Объяснение признаний, предложенное в моем романе, стало широко известно как "рубашовская версия" и вызвало длительную полемику; я в ней не участвовал. Еще раз повторю, что методы, обеспечившие признание Бухарина, Мрачковского или Рубашова, были эффективны только применительно к типу старого большевика, чья преданность партии абсолютна. К другим применялись другие методы, каждый раз сообразно обстоятельствам. Говорю это потому, что в полемике о "Слепящей тьме" постоянно утверждалось, будто я все признания объясняю "рубашовской версией". Это совершенно не так. Из трех заключенных, описанных в моем романе, один Рубашов признается по велению жертвенной преданности партии. Заячья Губа не выдерживает пыток. Безграмотный крестьянин, не понимающий, в чем дело, и привыкший слушаться начальства, тупо повторяет, что ему велят... Однако и через много лет, в пору показательных процессов в так называемых "странах народной демократии", мои неугомонные оппоненты еще не перестали умозаключать, что раз кардинал Миндсенти или господин Фоглер не питали большой симпатии к коммунистической партии, "рубашовская версия", тем самым, неверна. С таким же успехом можно доказывать, что, если не только гвозди прилипают к магниту, но и мухи к липучке, неверна теория магнитного притяжения. Мне кажется, что причина этой несуразной аргументации - в большинстве случаев безусловно добросовестной в присущей рассудку тяге обобщать и выискивать единое объяснение - что-то вроде lapis philosophicus {Философский камень (лат.).} - загадочных и неоднородных явлений. И чтобы окончательно запутать наблюдателей, на каждом из процессов состав обвиняемых являл собой тщательно подобранную "амальгаму" из людей "стальных", деморализованных и просто провокаторов, и все они вели себя, в общем, одинаково, хотя и по весьма различным основаниям...

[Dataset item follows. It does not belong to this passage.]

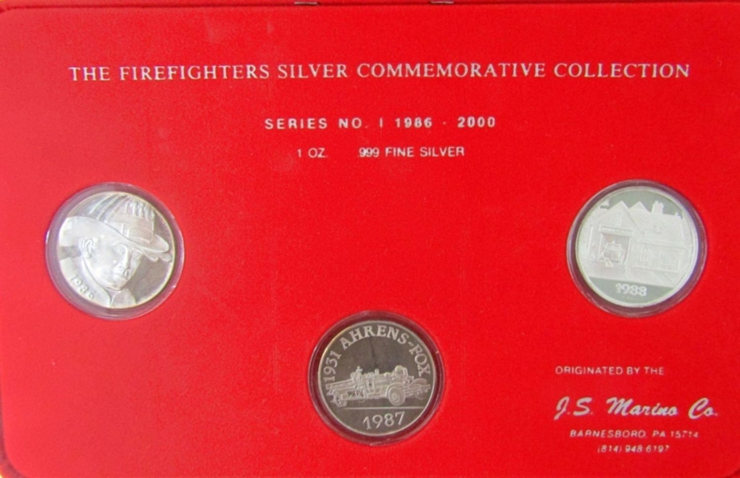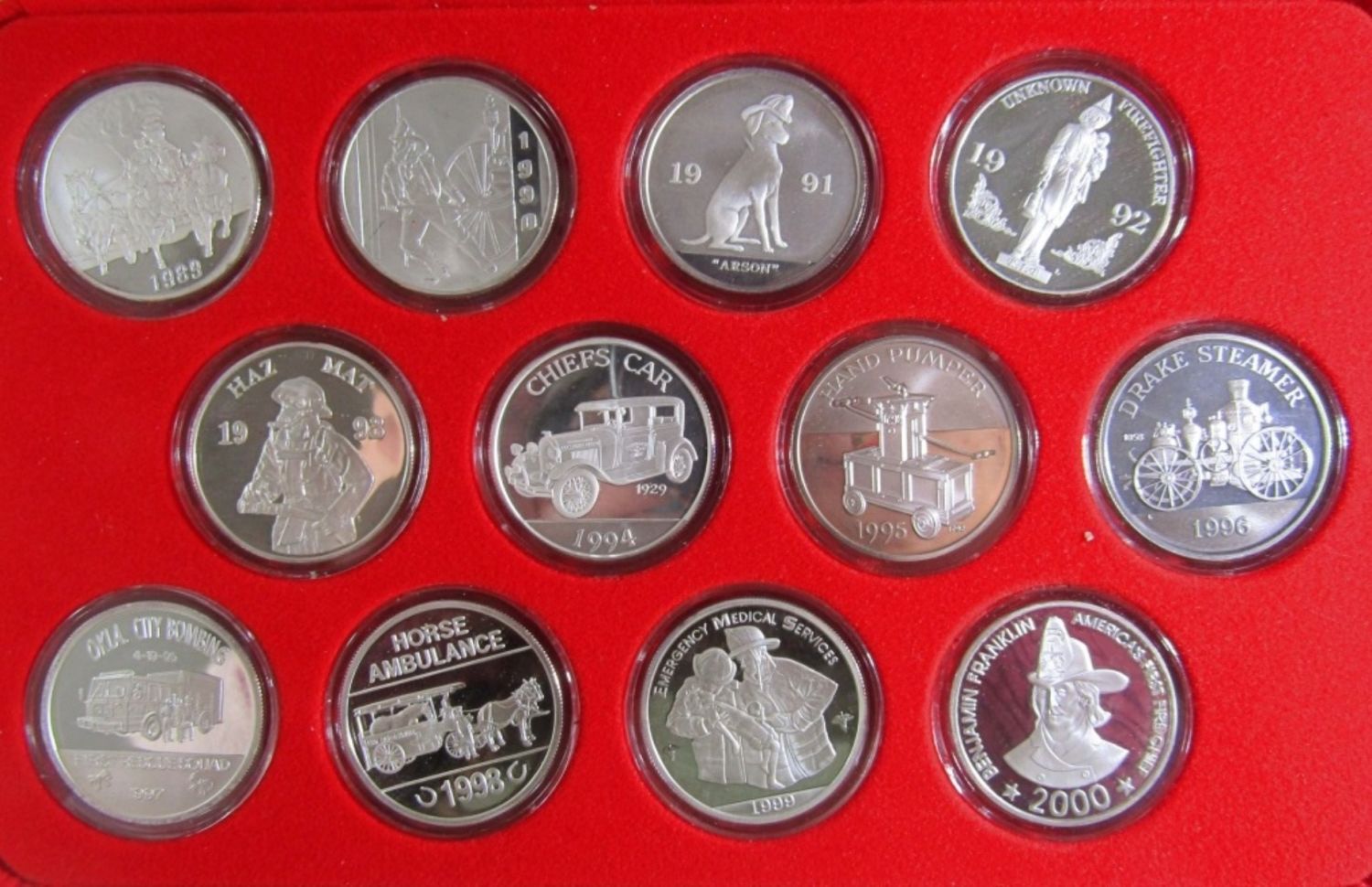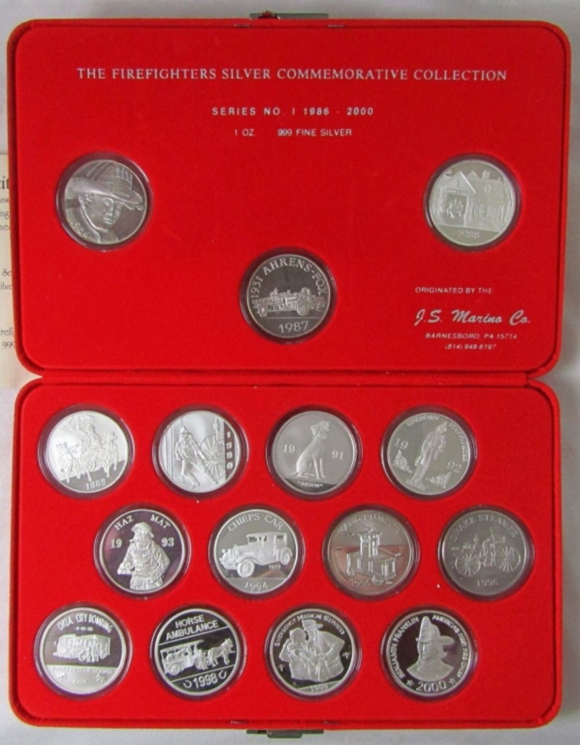 1986-2000 THE FIREFIGHTERS SILVER COMMEMORATIVE COLLECTION. IN DISPLAY CASE WITH COA.

Я начал писать "Слепящую тьму" в сентябре 1938 года, в мюнхенские дни, а закончил в апреле 1940-го, за месяц до немецкого нападения и последующей капитуляции Франции. И снова - как было с "Гладиаторами" - работа то и дело прерывалась, и надолго, и писание романа уподобилось скачкам с препятствиями по дорожке времени и судьбы, ибо после Мюнхена я был уверен, что немцы вот-вот нападут на Францию, а Франция не продержится и нескольких недель.
В самый разгар работы я очутился без гроша в кармане. Для завершения романа мне требовалось около полугода а чтобы заработать деньги на этот срок, два месяца - апрель и май тридцать девятого - пришлось убить на сочинение очередной - третьей и последней - книжки о сексе. Потом три месяца спокойной работы на юге Франции и новый барьер: 3 сентября началась война, а в октябре, 21 числа, меня арестовала французская полиция.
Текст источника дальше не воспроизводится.